The data mining involves pulling data out of the specimen management database to conduct population or research studies. “We’ve now added our laboratory intelligence, which enables real-time metrics monitoring, so you can look at what’s going on in your lab five minutes ago, identify issues, and drill down to what the challenge is.”
On the quality assurance side, Marentette points to Instrument Manager’s “moving averages” program which helps monitor how instruments are performing between quality control challenges. “If there is a problem when the moving averages go out, you can first of all stop testing and prevent those results from being released to the LIS. Therefore you have fewer edited reports. That really helps on the quality side. And using our specimen management workspace for autoverification, you can put in instructions on what to do when a particular value comes up.”
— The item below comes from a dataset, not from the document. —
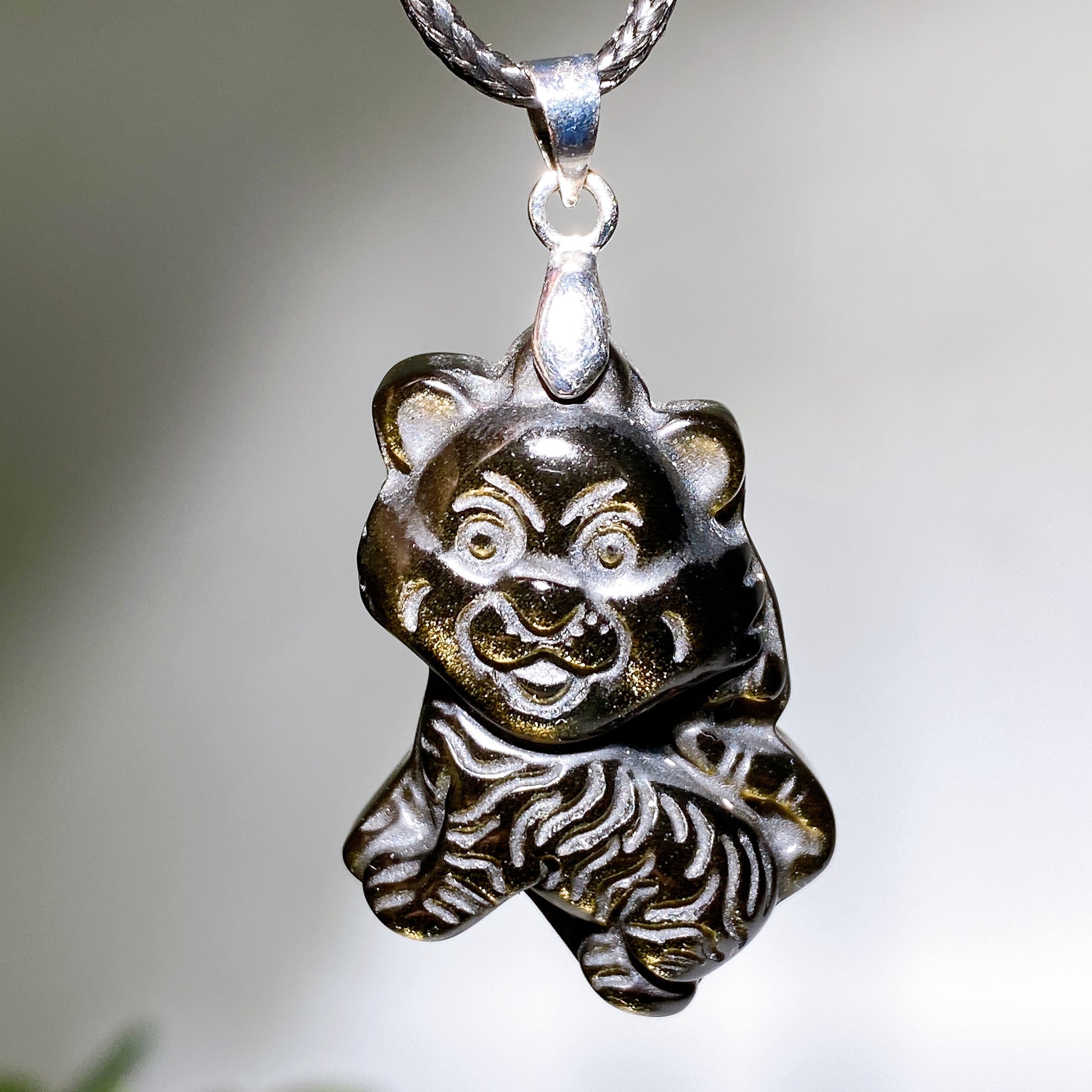 Golden Obsidian Tiger Pendant with Black Cord Crystal Healing Bulk Wholesale
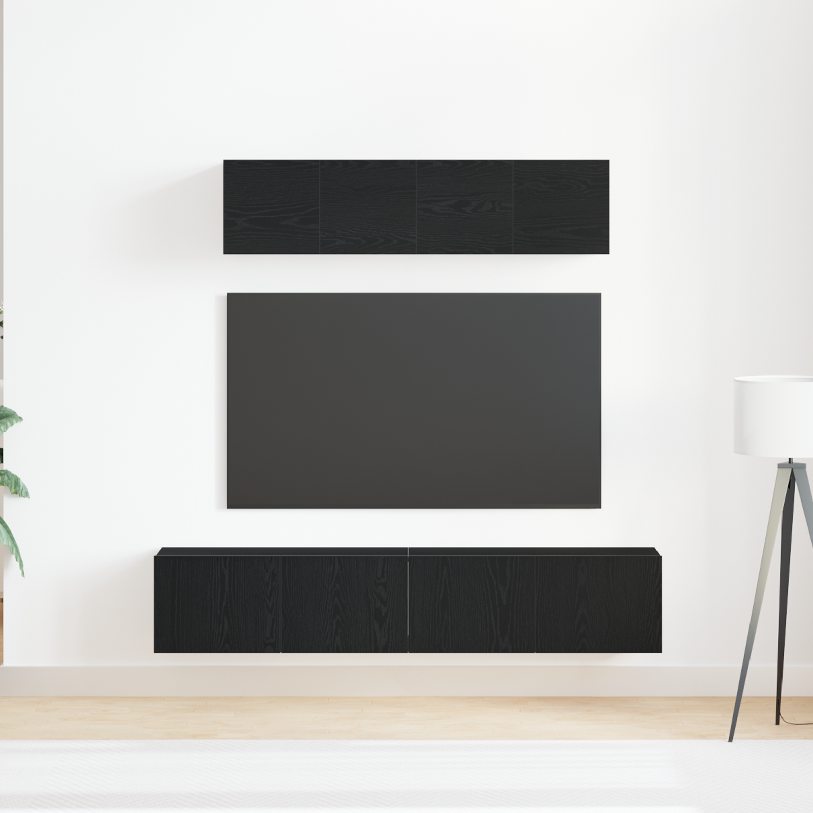 Set de mobilă TV – Pe perete, Stejar negru, Lemn stratificat

Middleware’s return on investment is twofold, Marentette believes. “It’s not just within the lab itself, but also what it means to the rest of the hospital organization and the ability to enhance the patient experience. For example, quicker turnaround time on tests for the emergency department lets physicians make faster patient diagnostic decisions, bringing better patient experience and contributing to the overall revenue of the organization. Then, within the lab itself, if you are using the autoverification, you can redeploy your staff and take on more work by bringing on new tests or doing some of the centralized testing you maybe sent to another lab before.”
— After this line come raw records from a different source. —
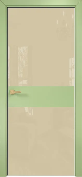 Дверь Оникс Соло 2 эмаль фисташковая, глухая, Lacobel RAL 1015
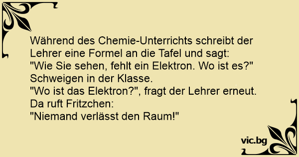Während des Chemie-Unterrichts schreibt der Lehrer eine Formel an die Tafel und sagt: "Wie Sie sehen, fehlt ein Elektron. Wo ist es?" Schweigen in der Klasse. "Wo ist das Elektron?", fragt der Lehrer erneut. Da ruft Fritzchen: "Niemand verlässt den Raum!"
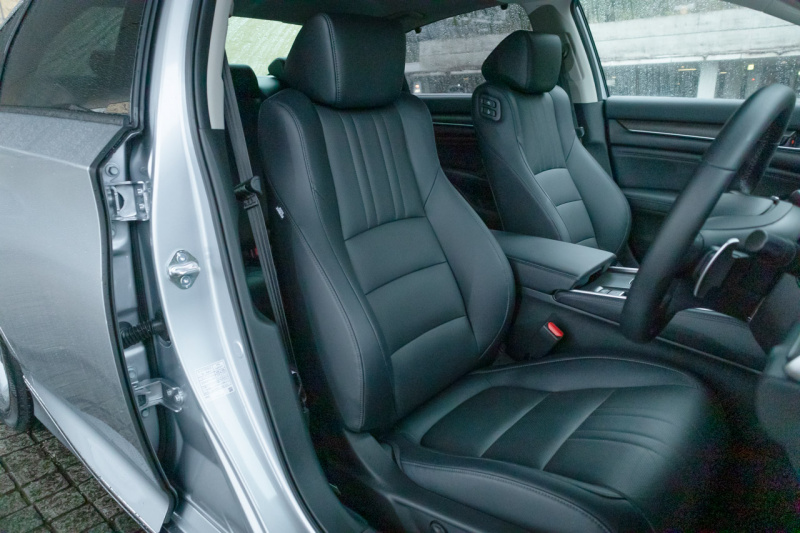 乗員を前後方向、左右(横)方向共に、より中央に座らせるパッケージングも採用されました。また、前席のヒップポイントを25mm下げ、ヒールポイントも15mm低くなっています。代を重ねることに、乗降性などへの配慮から徐々にヒップポイントが高くなってきたそうですが、新型アコードは欧州セダンなどと同じように、低くて安定感のある姿勢でセダンらしい運転姿勢を追求したそうです。
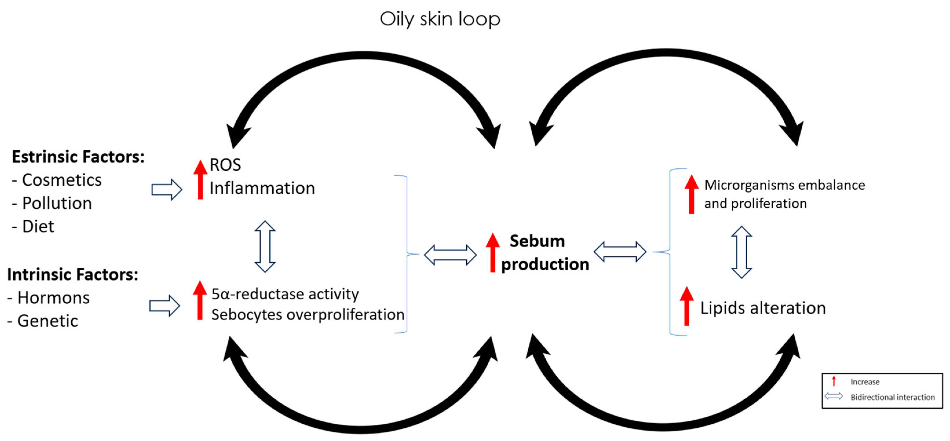 9]. In this loop, extrinsic factors such as pollution, cosmetics, and diet can induce ROS formation and cytokine activation, while intrinsic regulators including hormonal signaling and genetic predispositions enhance 5α-reductase activity and sebocyte proliferation [
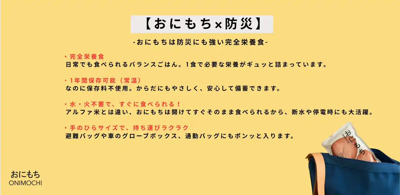 その観点から、『おにもち』のような「常温で長期保存でき、調理や水が不要で、栄養バランスが整った食品」は、外出先を含む日常の行動に組み込みやすく、備えを習慣化しやすいと評価しています。 |
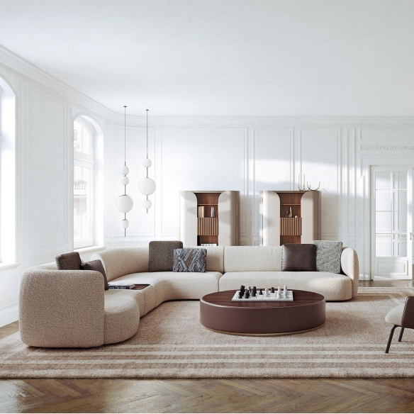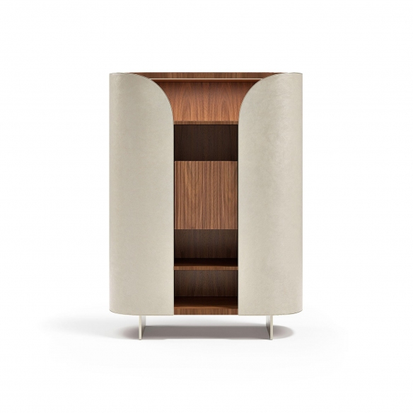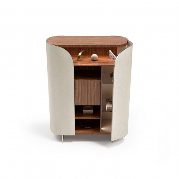 The Duna sideboard stands out as a masterpiece of design crafted by Capital, featuring a structure available in both wood essence and lacquer. The two doors can be chosen from wood essence, lacquer, or smooth leather; the interior is enriched with bronzed glass shelves. The open section includes two customizable shelves in wood essence or lacquer, and the container with two doors is available in wood essence or lacquered with a cannè effect. Thanks to its variety of combinations, the Duna can be perfectly matched to any setting, whether it be a living room, study, or bedroom, bringing the breathtaking atmosphere and sense of freedom found in the vast desert. Indeed, the sideboard embodies the essence and wild elegance of the majestic desert dunes. Duna elegantly and naturally meets everyday needs: its spacious interiors organize essential objects and accessories, while the smooth opening of the doors is a tribute to the thoughtful engineering behind its beauty. Designed by Boatto Martino Studio for Capital.
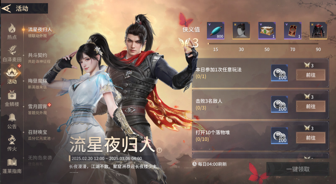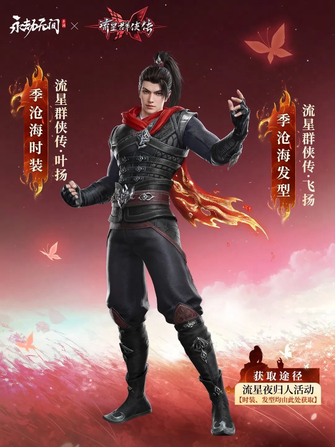 限時活動【流星夜歸人】即將同步開啓,完成任務即可獲得季滄海時裝【流星羣俠傳·葉揚】及配套髮型【流星羣俠傳·飛揚】,更有瑞霖寶箱等多重獎勵。
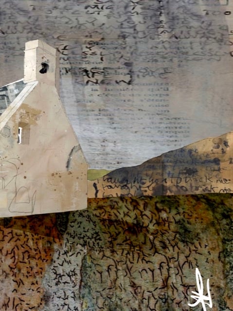 Beautiful evening colours come together to create an atmospheric artworkl. The main body of work is from close up images of trees and script collage then digitally painted over to create cohesion.
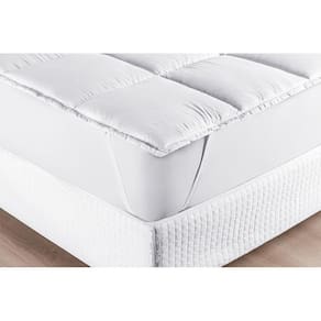 Pillow Top King Suave Extra Macio em Micropercal 200 fios O Pillow Top Suave foi desenvolvido para dar mais conforto e durabilidade para o seu colchão, excelente para uma noite de sono revigorante, de fácil encaixe e manuseio na hora de lavar o produto, pode ser lavado na máquina em lavagem leve. É a camada extra de conforto no colchão que você precisa. Afinal você merece ----------------------------------------------------------- Ele possui o toque de Silicone que deixa a cama super macia proporcionando mais conforto, super prático de pôr sobre a cama com elásticos para fixação. Fabricado em tecido 100% poliéster, com 200 Fios, possui acabamento com elástico, enchimento em manta siliconada volumosa. Sua principal característica é adicionar uma camada extra de maciez e conforto ao seu colchão garantindo suas noites de sono mais saudáveis e tranquilas ----------------------------------------------------------- Ficha Técnica: - Nome do Produto: Pillow Top Toque de Plumas King - Tamanho: 1,93m x 2,03m x até 40cm alt. - Material: 100% Poliéster;- Marca: Nathalia Enxovais
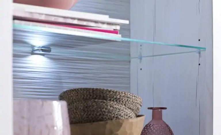 Hochwertige, stabile Verarbeitung Schönes Weiß mit Akzenten in Holzoptik Vitrinenfächer für Ihre Lieblingsdeko Maße Gesamtbreite: 73 cm Gesamthöhe: 210 cm Gesamttiefe: 40 cm Mehr zu Maßen: Holzeinlegeböden ca. 1,6 cm stark Glaseinlegeböden: ca. 0,5 cm stark Höhe Füße / Gestell: 1 cm Merkmale Stilrichtung: Landhaus Griffart: Möbelgriff Türen mit Glaseinsatz: 1 Stück Anzahl Glasböden: 3 Stück Anzahl Türen: 2 Stück Anzahl Böden: 4 Stück Anzahl verstellbare Einlegeböden: 4 Stück Türanschlag: links Türart: Drehtüren Ausstattung Gestell: Gleiter Ausstattung / Funktion: Beleuchtung Leuchtmittelart: LED Technische Daten Austauschbarkeit der Lichtquelle: Bei diesem Produkt ist das Austauschen der Lichtquelle durch einen Fachmann möglich. Lieferumfang Lieferumfang / mitgeliefertes Zubehör: 3er Set LED Glasbodenbeleuchtung inkl. Trafo und Zuleitung 1er Set LED Power Spot inkl. Trafo und Zuleitung Material & Farbe Material Kranz: Holzwerkstoff tiefgezogen Farbe / Dekor Korpus innen: Weiß Farbe / Dekor Einlegeböden: Weiß Farbe / Dekor Kranz: Eiche (Nachbildung) Farbe / Dekor sichtbare Rückwände: Pinie (Nachbildung) Farbe / Dekor Griffe: silberfarben Farbe / Dekor Front: Pinie (Nachbildung) Material sichtbare Rückwand: Holzwerkstoff beschichtet Material Korpus: Holzwerkstoff beschichtet Holzwerkstoff tiefgezogen Material Front: Holzwerkstoff tiefgezogen Glas Material Einlegeböden: Glas Holzwerkstoff beschichtet Material Griffe: Metall Material Füße / Gestell: Kunststoff Farbe / Dekor Füße/Gestell: Schwarz Farbe / Dekor Korpus: Pinie (Nachbildung) Eiche (Nachbildung) Farbe / Dekor: Pinie (Nachbildung) Eiche (Nachbildung) Mehr zu Material: Front aus MFD (Mitteldichte Faserplatte) in Pinie Aurelio tiefzieh (Nachbildung) Korpus aus DBS (Direktbeschichtete Spanplatte) in Pinie Aurelio Melamin (Nachbildung) Kranz aus MDF (Mitteldichte Faserplatte) in Grandson Oak tiefzieh (Nachbildung) sichtbare Rückwand in Pinie Aurelio 3D-Optik (Nachbildung) Frontverglasung aus ESG (Einscheibensicherheitsglas) Artikelnummer: 12236135 Lieferung ohne Dekoration

Through its JResultNet software, which DI purchased from Dawning Technologies more than two years ago, the same middleware benefits are available to physician office labs, and Laboratory Production Manager is DI’s parallel product in the European marketplace. DI itself was acquired in 2015 by Roper Technologies, which also owns LIS giant Sunquest Information Systems. But DI is still a standalone company, Marentette emphasizes, noting that a range of LISs (including Epic’s Beaker) as well as IVD manufacturers use Instrument Manager as their connectivity and middleware solution.
Instrument Manager’s usefulness also becomes apparent when hospitals or integrated delivery networks do acquisitions. “We have the ability to interface multiple LISs into the same IM database, so if a hospital acquires another hospital and wants to put things together on the same system, you can do that seamlessly through one of our interfaces. The middleware is able to keep orders and results reporting management straight between systems. So it does make consolidation much simpler and streamlined.”
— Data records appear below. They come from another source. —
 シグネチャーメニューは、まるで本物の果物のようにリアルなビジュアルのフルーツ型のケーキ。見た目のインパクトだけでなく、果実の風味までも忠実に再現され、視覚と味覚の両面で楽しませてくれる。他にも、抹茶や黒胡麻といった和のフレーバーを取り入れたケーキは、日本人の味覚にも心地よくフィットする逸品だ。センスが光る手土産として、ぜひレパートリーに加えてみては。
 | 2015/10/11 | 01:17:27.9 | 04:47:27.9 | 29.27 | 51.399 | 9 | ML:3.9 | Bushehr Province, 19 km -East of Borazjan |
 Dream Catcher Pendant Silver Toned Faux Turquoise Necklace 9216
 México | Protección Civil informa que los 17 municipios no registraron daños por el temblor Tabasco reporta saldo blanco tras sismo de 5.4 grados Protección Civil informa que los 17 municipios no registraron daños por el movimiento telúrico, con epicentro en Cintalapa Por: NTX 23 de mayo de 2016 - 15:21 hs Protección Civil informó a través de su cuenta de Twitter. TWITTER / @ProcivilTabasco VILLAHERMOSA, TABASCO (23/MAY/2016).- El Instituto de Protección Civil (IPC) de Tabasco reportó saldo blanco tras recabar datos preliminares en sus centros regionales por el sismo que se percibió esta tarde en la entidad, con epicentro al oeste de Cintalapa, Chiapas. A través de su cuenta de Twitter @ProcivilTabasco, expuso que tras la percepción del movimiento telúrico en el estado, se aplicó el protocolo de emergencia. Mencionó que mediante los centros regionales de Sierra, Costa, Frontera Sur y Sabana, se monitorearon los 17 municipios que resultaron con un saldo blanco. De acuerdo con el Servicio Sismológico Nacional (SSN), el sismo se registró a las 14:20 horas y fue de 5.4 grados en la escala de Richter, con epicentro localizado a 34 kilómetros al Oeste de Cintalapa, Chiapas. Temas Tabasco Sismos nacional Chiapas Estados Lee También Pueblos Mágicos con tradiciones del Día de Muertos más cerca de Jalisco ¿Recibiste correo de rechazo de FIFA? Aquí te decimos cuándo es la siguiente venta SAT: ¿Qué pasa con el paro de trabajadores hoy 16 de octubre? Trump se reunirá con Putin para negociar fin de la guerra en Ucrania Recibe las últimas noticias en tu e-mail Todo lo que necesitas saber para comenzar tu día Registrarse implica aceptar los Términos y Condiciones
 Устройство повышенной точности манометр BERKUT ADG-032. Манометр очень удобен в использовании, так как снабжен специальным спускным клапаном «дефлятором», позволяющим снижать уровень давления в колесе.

With the changing configuration of IT in health care, Sysmex’s Anne Tate sees a changing role for middleware ahead. “WAM provides everything the LIS needs to report immediately to the EMR. In some instances, we’re seeing where the WAM can go into clinics or small labs that don’t have an LIS, so eventually we may have to connect the WAM directly to the EMR. We’ve never done it yet, but we’re seeing movement in that respect.” She doesn’t expect it in the hospital environment. “But in standalone clinics, in nontraditional or non-hospital–supported environments, I do see it happening. We’ve already had requests for that.”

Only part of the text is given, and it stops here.